### WHAT YOU ARE ASKED TO DO
For this exercise, write out only the lines of the entries below from the one with "Brooklyn Beckham quitte" up to and including the one with "GRAINGER U51680.011.0100 Tapping", exactly as they are. Pictures stay out.

### DATA EXTRACTS
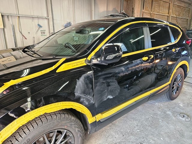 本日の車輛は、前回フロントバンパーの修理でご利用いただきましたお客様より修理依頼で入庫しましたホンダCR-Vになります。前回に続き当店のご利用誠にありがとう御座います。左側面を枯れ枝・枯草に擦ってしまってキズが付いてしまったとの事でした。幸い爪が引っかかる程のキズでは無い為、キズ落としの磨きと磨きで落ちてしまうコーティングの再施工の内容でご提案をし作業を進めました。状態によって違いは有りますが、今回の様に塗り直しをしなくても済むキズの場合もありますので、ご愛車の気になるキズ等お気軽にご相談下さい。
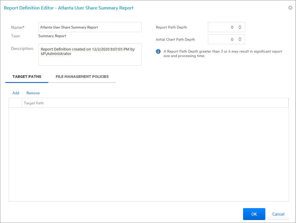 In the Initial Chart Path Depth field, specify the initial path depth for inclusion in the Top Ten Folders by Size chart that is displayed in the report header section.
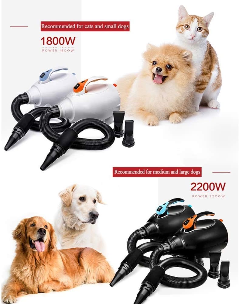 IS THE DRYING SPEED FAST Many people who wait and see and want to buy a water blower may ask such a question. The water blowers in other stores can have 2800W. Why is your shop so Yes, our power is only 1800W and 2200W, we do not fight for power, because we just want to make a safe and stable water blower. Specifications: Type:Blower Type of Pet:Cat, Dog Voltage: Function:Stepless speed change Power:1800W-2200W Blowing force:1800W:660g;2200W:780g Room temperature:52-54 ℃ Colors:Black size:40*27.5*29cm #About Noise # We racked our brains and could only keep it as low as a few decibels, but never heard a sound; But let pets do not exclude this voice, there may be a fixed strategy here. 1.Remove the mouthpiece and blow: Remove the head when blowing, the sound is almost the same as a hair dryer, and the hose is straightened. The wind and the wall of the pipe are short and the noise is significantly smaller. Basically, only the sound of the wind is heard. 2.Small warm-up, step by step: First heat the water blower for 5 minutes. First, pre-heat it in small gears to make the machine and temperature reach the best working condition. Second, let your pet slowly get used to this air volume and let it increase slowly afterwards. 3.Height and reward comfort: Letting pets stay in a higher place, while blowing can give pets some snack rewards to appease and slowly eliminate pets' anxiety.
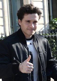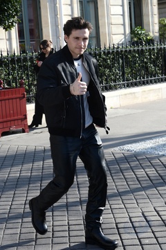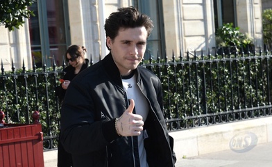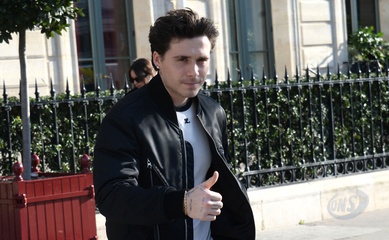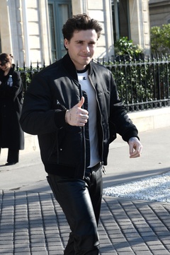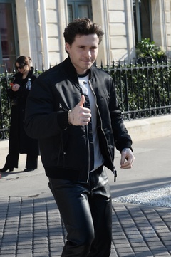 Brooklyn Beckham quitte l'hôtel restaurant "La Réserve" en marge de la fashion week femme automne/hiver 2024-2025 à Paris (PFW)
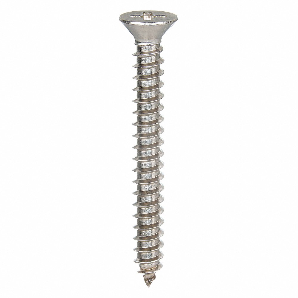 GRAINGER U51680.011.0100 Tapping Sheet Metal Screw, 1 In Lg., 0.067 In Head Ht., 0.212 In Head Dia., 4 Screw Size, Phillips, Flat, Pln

...

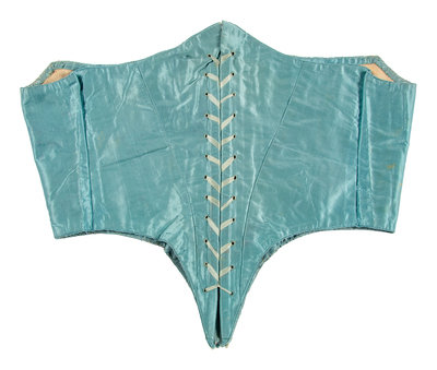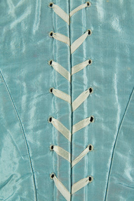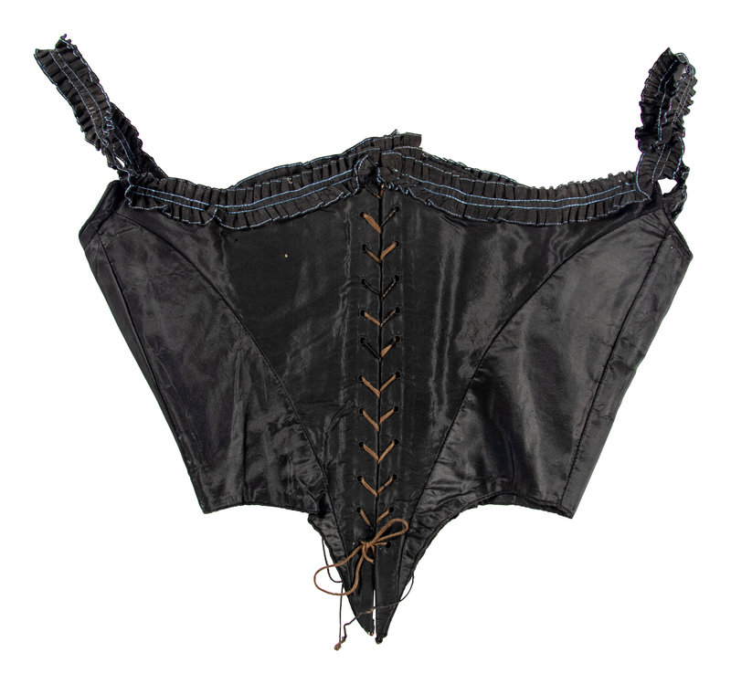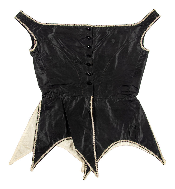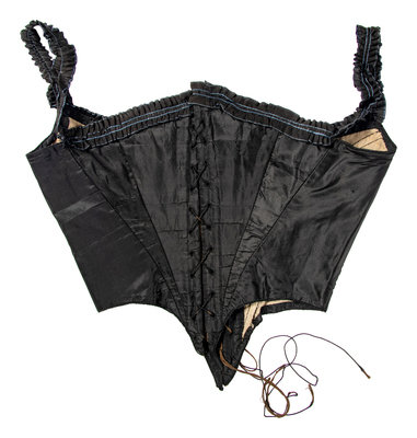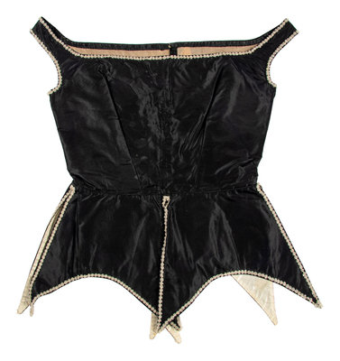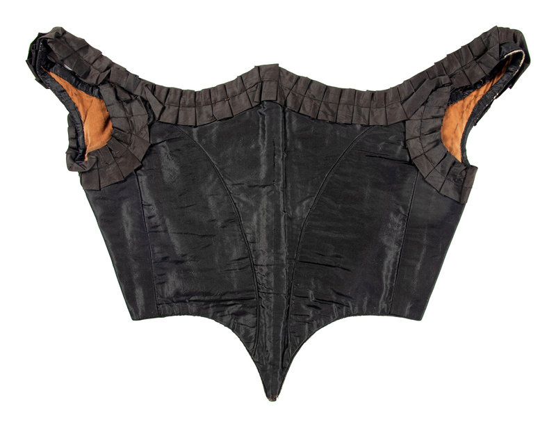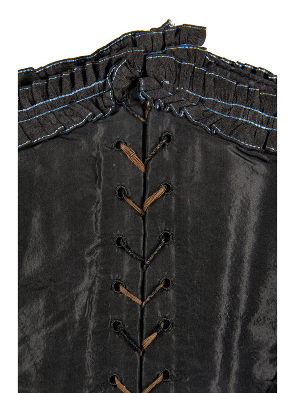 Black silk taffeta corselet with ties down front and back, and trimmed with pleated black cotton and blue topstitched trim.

### RESPONSE TO THIS TASK
 Brooklyn Beckham quitte l'hôtel restaurant "La Réserve" en marge de la fashion week femme automne/hiver 2024-2025 à Paris (PFW)
 GRAINGER U51680.011.0100 Tapping Sheet Metal Screw, 1 In Lg., 0.067 In Head Ht., 0.212 In Head Dia., 4 Screw Size, Phillips, Flat, Pln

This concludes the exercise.